Repeat every line of the data exactly; the pictures stay out.
___ PROVIDED DATA
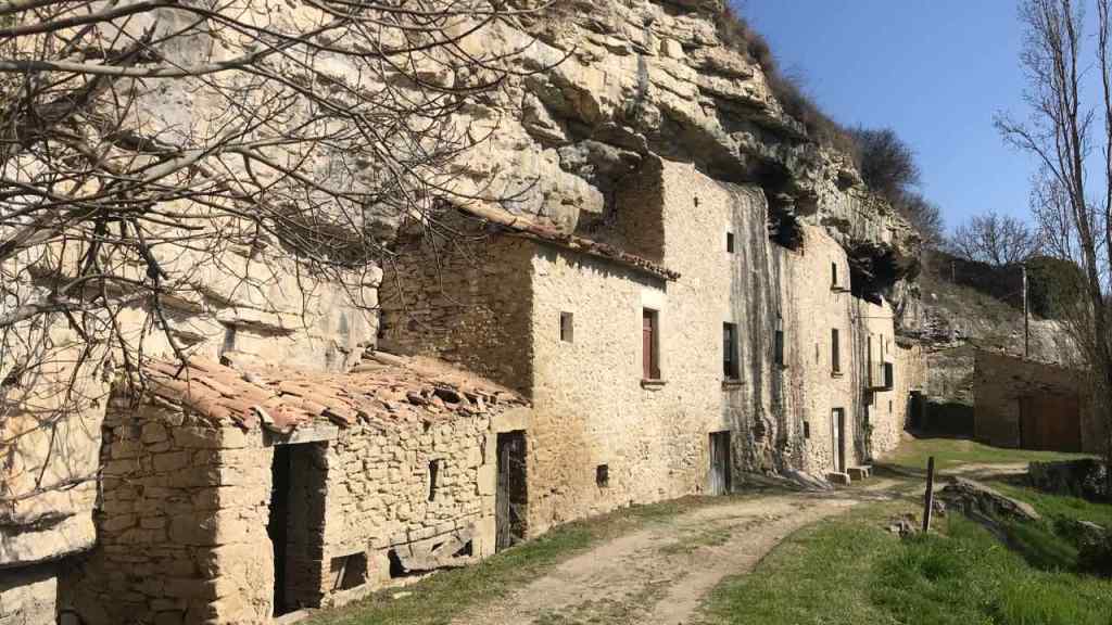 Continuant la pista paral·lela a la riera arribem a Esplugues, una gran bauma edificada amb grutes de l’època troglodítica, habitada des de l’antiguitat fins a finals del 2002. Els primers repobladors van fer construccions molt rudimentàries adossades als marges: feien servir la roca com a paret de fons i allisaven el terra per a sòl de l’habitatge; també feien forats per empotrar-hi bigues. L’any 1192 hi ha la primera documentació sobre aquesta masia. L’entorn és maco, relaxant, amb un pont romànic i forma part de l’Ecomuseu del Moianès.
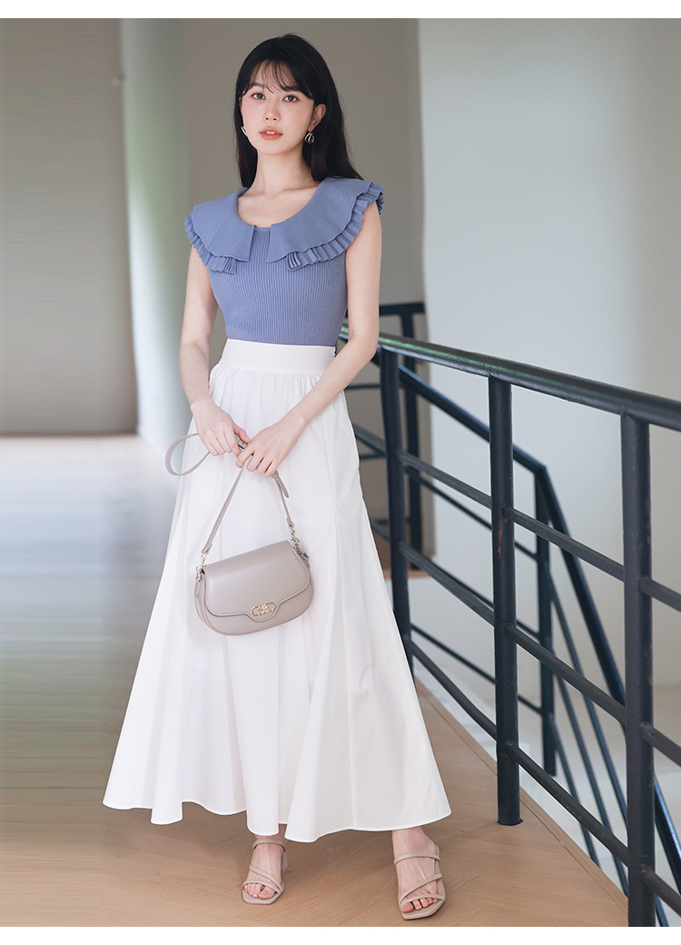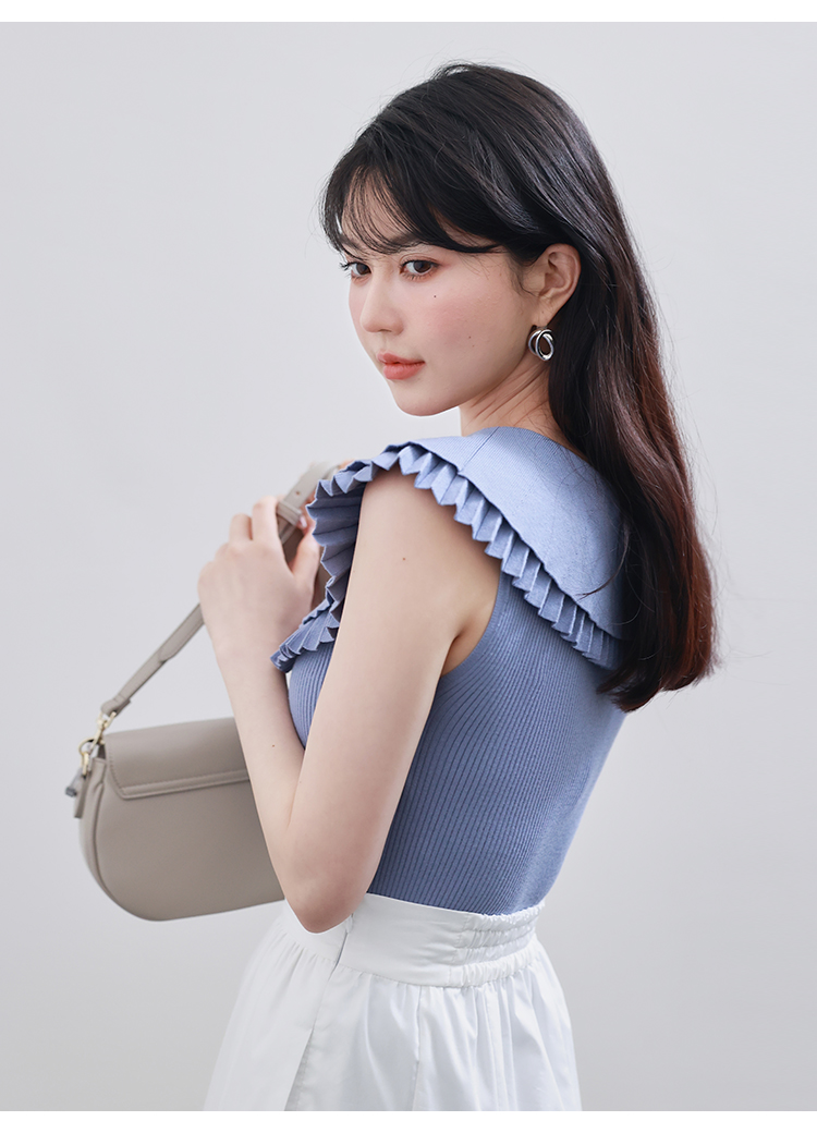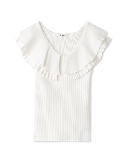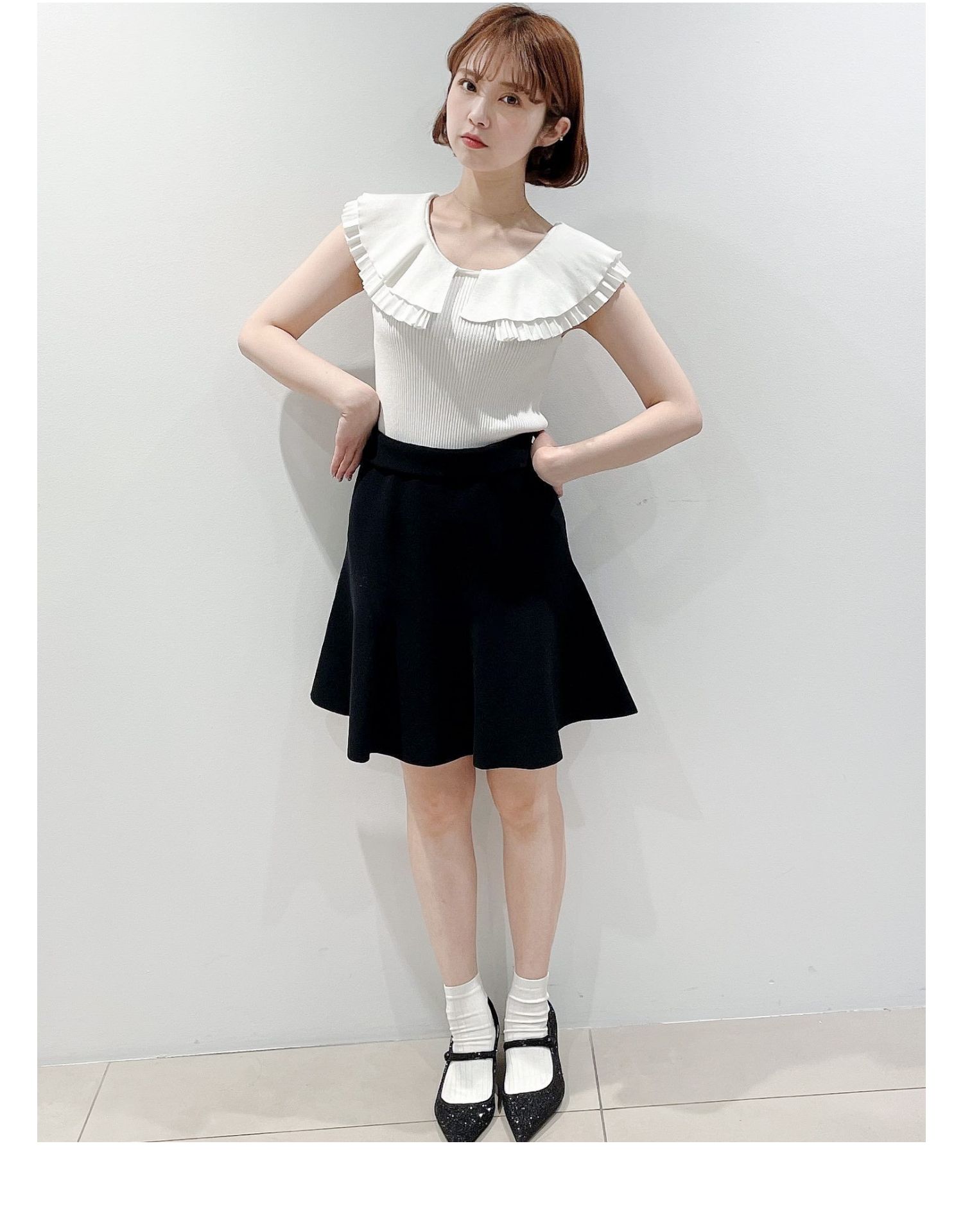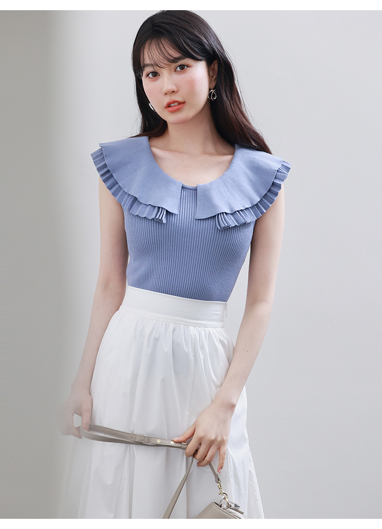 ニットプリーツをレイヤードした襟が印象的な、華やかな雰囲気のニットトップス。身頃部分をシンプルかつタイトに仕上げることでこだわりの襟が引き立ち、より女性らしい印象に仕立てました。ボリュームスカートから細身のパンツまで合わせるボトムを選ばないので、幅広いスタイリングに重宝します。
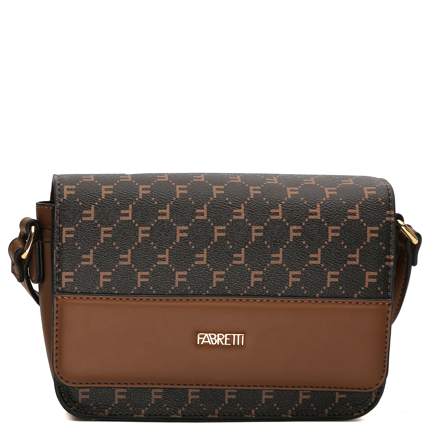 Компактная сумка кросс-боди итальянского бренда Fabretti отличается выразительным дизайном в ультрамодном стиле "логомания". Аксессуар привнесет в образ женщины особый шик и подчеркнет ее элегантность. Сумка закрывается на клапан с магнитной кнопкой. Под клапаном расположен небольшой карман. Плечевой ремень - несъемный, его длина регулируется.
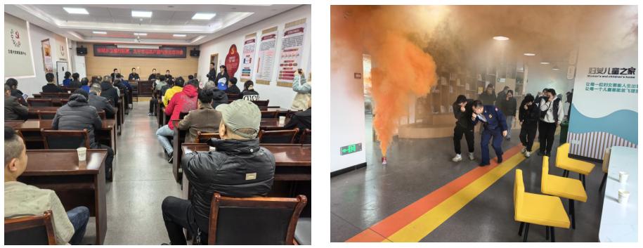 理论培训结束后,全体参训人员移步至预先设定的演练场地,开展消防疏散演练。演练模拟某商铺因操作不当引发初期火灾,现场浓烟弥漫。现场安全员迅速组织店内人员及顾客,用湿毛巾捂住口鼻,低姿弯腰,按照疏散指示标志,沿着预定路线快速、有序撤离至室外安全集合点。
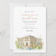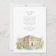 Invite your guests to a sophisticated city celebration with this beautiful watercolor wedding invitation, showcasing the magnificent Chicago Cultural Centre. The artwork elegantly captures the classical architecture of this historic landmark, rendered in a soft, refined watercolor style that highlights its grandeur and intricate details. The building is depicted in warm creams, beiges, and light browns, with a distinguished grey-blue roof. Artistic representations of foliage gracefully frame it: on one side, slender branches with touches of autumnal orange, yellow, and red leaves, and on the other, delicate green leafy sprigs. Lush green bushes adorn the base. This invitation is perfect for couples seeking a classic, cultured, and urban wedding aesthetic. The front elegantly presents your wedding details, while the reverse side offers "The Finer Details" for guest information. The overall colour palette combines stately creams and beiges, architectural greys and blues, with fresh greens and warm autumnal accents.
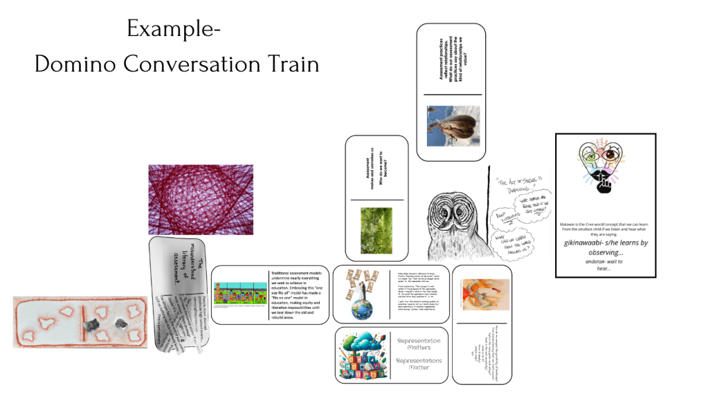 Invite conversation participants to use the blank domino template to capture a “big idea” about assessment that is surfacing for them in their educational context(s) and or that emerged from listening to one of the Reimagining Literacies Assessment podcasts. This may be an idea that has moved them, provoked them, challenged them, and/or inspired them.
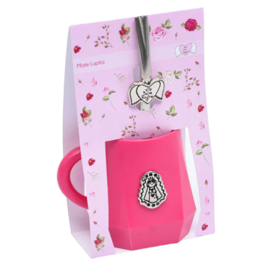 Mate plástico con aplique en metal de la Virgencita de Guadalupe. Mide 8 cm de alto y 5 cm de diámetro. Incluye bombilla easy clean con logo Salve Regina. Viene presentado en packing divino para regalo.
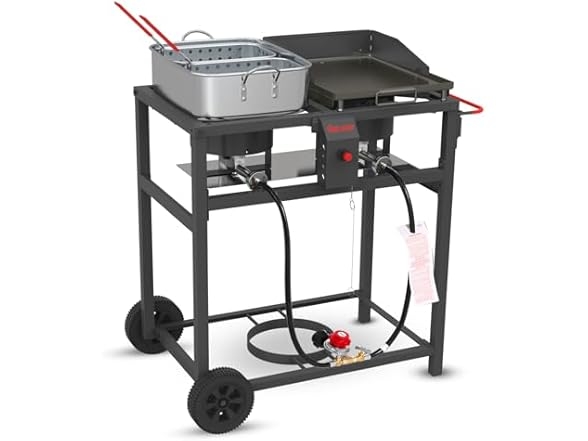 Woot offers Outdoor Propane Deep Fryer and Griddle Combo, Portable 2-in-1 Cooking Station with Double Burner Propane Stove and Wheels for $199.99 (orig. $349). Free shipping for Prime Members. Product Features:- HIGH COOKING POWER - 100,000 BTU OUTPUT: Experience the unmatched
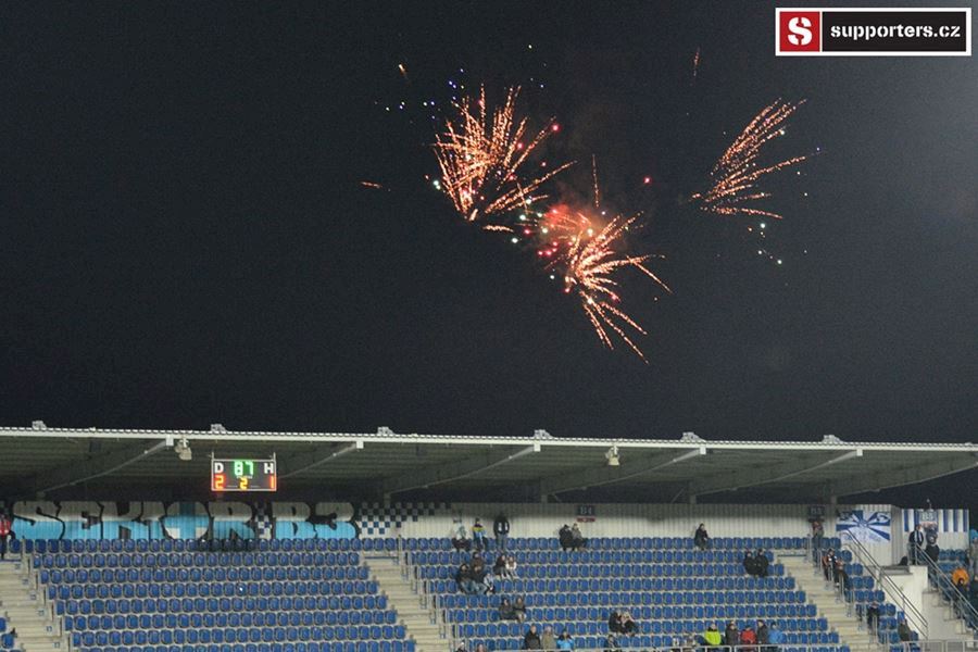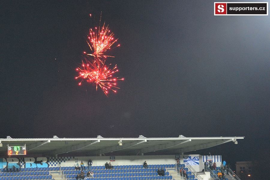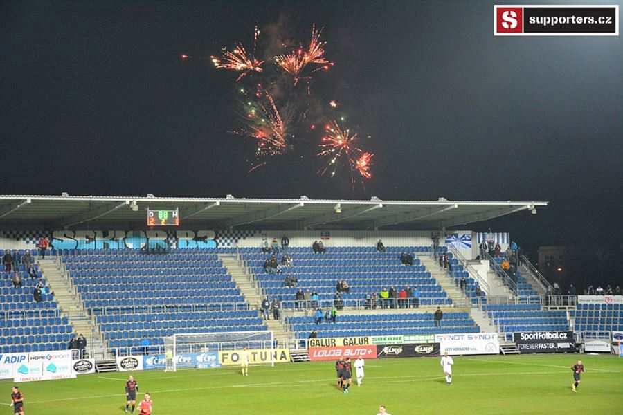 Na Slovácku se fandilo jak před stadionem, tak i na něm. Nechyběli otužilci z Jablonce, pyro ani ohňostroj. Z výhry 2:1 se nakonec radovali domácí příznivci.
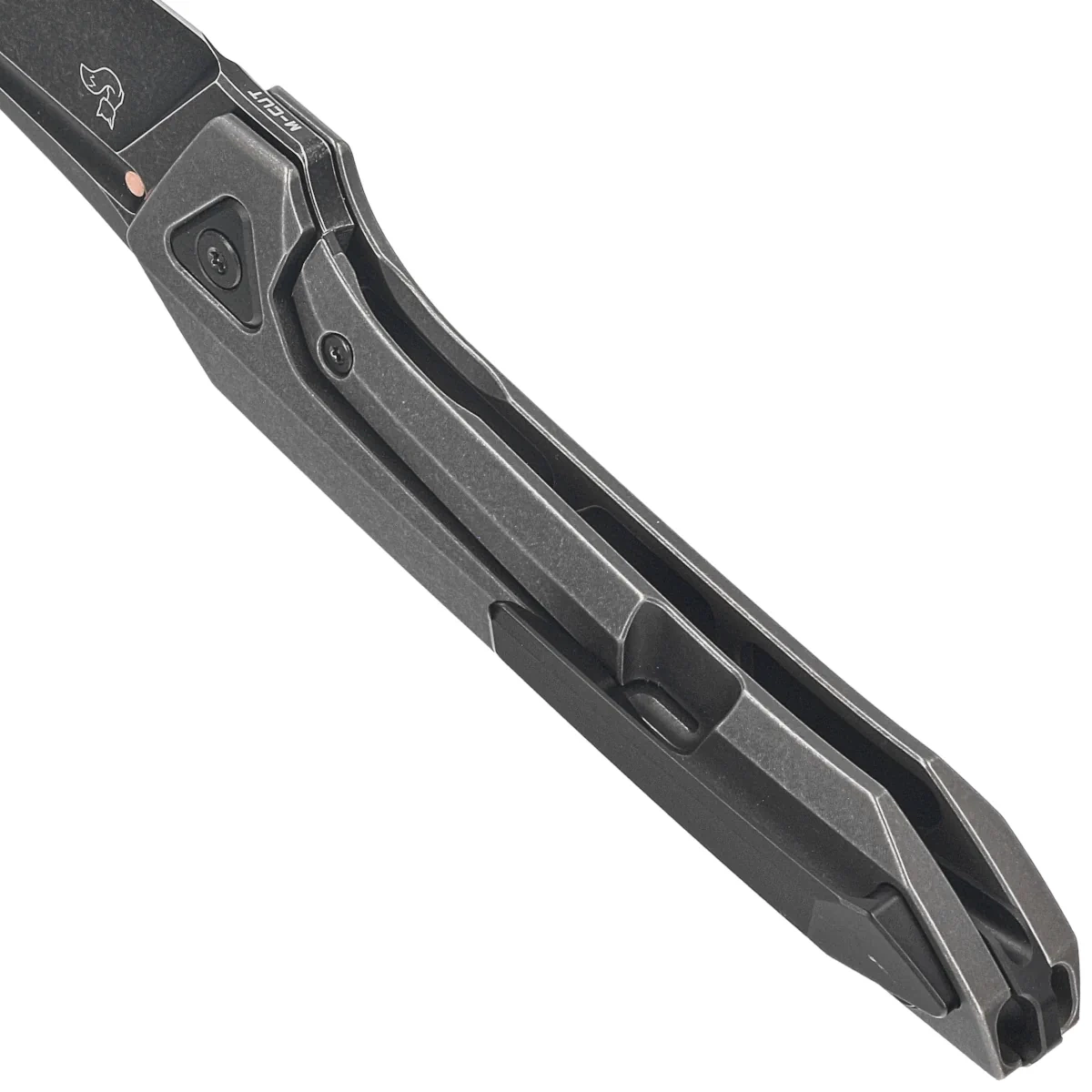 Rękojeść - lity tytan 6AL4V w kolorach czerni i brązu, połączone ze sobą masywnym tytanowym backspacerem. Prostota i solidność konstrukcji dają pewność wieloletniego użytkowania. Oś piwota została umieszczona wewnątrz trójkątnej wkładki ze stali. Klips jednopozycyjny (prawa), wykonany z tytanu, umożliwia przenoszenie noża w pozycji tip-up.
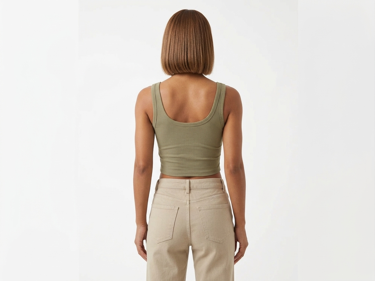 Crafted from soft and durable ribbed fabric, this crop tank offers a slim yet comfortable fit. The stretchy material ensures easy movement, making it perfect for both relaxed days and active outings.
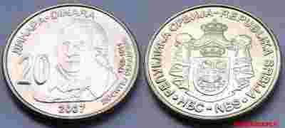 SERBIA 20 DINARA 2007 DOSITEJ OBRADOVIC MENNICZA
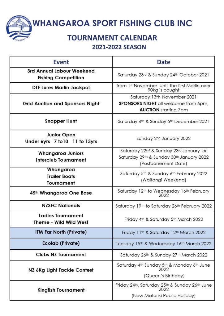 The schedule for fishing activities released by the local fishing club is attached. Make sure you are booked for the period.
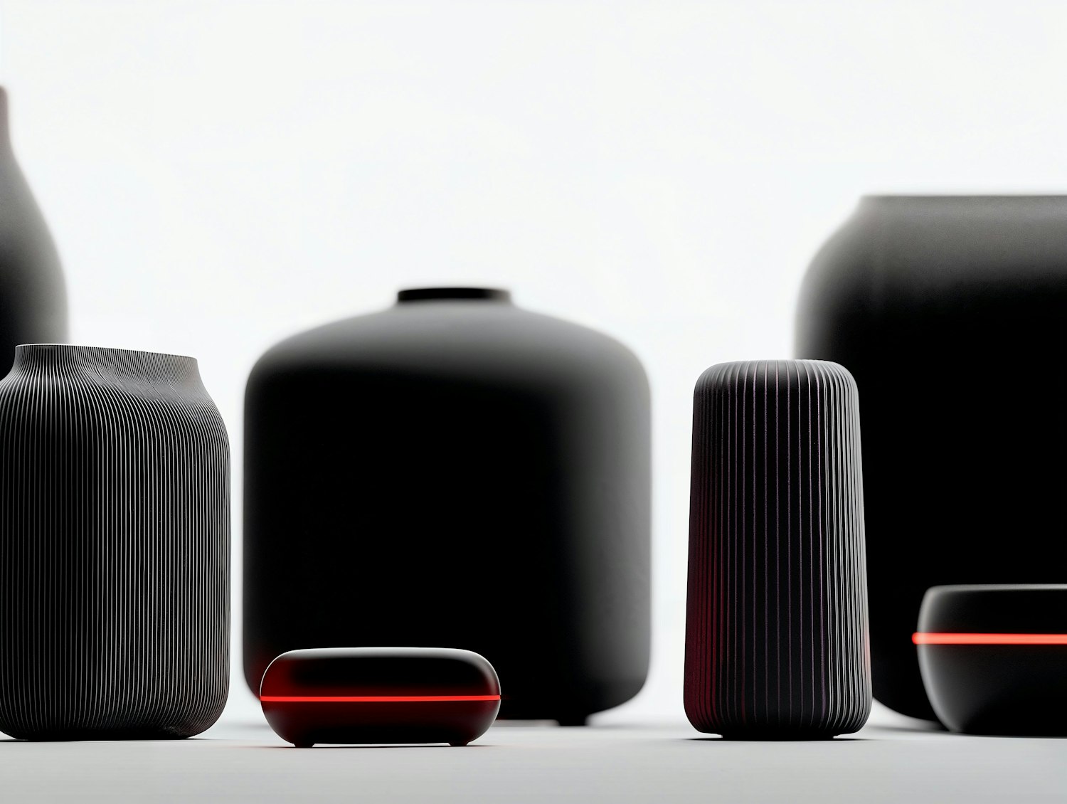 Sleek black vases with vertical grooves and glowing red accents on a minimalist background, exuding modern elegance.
______
*YOUR RESPONSE*.
 Continuant la pista paral·lela a la riera arribem a Esplugues, una gran bauma edificada amb grutes de l’època troglodítica, habitada des de l’antiguitat fins a finals del 2002. Els primers repobladors van fer construccions molt rudimentàries adossades als marges: feien servir la roca com a paret de fons i allisaven el terra per a sòl de l’habitatge; també feien forats per empotrar-hi bigues. L’any 1192 hi ha la primera documentació sobre aquesta masia. L’entorn és maco, relaxant, amb un pont romànic i forma part de l’Ecomuseu del Moianès.
 ニットプリーツをレイヤードした襟が印象的な、華やかな雰囲気のニットトップス。身頃部分をシンプルかつタイトに仕上げることでこだわりの襟が引き立ち、より女性らしい印象に仕立てました。ボリュームスカートから細身のパンツまで合わせるボトムを選ばないので、幅広いスタイリングに重宝します。
 Компактная сумка кросс-боди итальянского бренда Fabretti отличается выразительным дизайном в ультрамодном стиле "логомания". Аксессуар привнесет в образ женщины особый шик и подчеркнет ее элегантность. Сумка закрывается на клапан с магнитной кнопкой. Под клапаном расположен небольшой карман. Плечевой ремень - несъемный, его длина регулируется.
 理论培训结束后,全体参训人员移步至预先设定的演练场地,开展消防疏散演练。演练模拟某商铺因操作不当引发初期火灾,现场浓烟弥漫。现场安全员迅速组织店内人员及顾客,用湿毛巾捂住口鼻,低姿弯腰,按照疏散指示标志,沿着预定路线快速、有序撤离至室外安全集合点。
 Invite your guests to a sophisticated city celebration with this beautiful watercolor wedding invitation, showcasing the magnificent Chicago Cultural Centre. The artwork elegantly captures the classical architecture of this historic landmark, rendered in a soft, refined watercolor style that highlights its grandeur and intricate details. The building is depicted in warm creams, beiges, and light browns, with a distinguished grey-blue roof. Artistic representations of foliage gracefully frame it: on one side, slender branches with touches of autumnal orange, yellow, and red leaves, and on the other, delicate green leafy sprigs. Lush green bushes adorn the base. This invitation is perfect for couples seeking a classic, cultured, and urban wedding aesthetic. The front elegantly presents your wedding details, while the reverse side offers "The Finer Details" for guest information. The overall colour palette combines stately creams and beiges, architectural greys and blues, with fresh greens and warm autumnal accents.
 Invite conversation participants to use the blank domino template to capture a “big idea” about assessment that is surfacing for them in their educational context(s) and or that emerged from listening to one of the Reimagining Literacies Assessment podcasts. This may be an idea that has moved them, provoked them, challenged them, and/or inspired them.
 Mate plástico con aplique en metal de la Virgencita de Guadalupe. Mide 8 cm de alto y 5 cm de diámetro. Incluye bombilla easy clean con logo Salve Regina. Viene presentado en packing divino para regalo.
 Woot offers Outdoor Propane Deep Fryer and Griddle Combo, Portable 2-in-1 Cooking Station with Double Burner Propane Stove and Wheels for $199.99 (orig. $349). Free shipping for Prime Members. Product Features:- HIGH COOKING POWER - 100,000 BTU OUTPUT: Experience the unmatched
 Na Slovácku se fandilo jak před stadionem, tak i na něm. Nechyběli otužilci z Jablonce, pyro ani ohňostroj. Z výhry 2:1 se nakonec radovali domácí příznivci.
 Rękojeść - lity tytan 6AL4V w kolorach czerni i brązu, połączone ze sobą masywnym tytanowym backspacerem. Prostota i solidność konstrukcji dają pewność wieloletniego użytkowania. Oś piwota została umieszczona wewnątrz trójkątnej wkładki ze stali. Klips jednopozycyjny (prawa), wykonany z tytanu, umożliwia przenoszenie noża w pozycji tip-up.
 Crafted from soft and durable ribbed fabric, this crop tank offers a slim yet comfortable fit. The stretchy material ensures easy movement, making it perfect for both relaxed days and active outings.
 SERBIA 20 DINARA 2007 DOSITEJ OBRADOVIC MENNICZA
 The schedule for fishing activities released by the local fishing club is attached. Make sure you are booked for the period.
 Sleek black vases with vertical grooves and glowing red accents on a minimalist background, exuding modern elegance.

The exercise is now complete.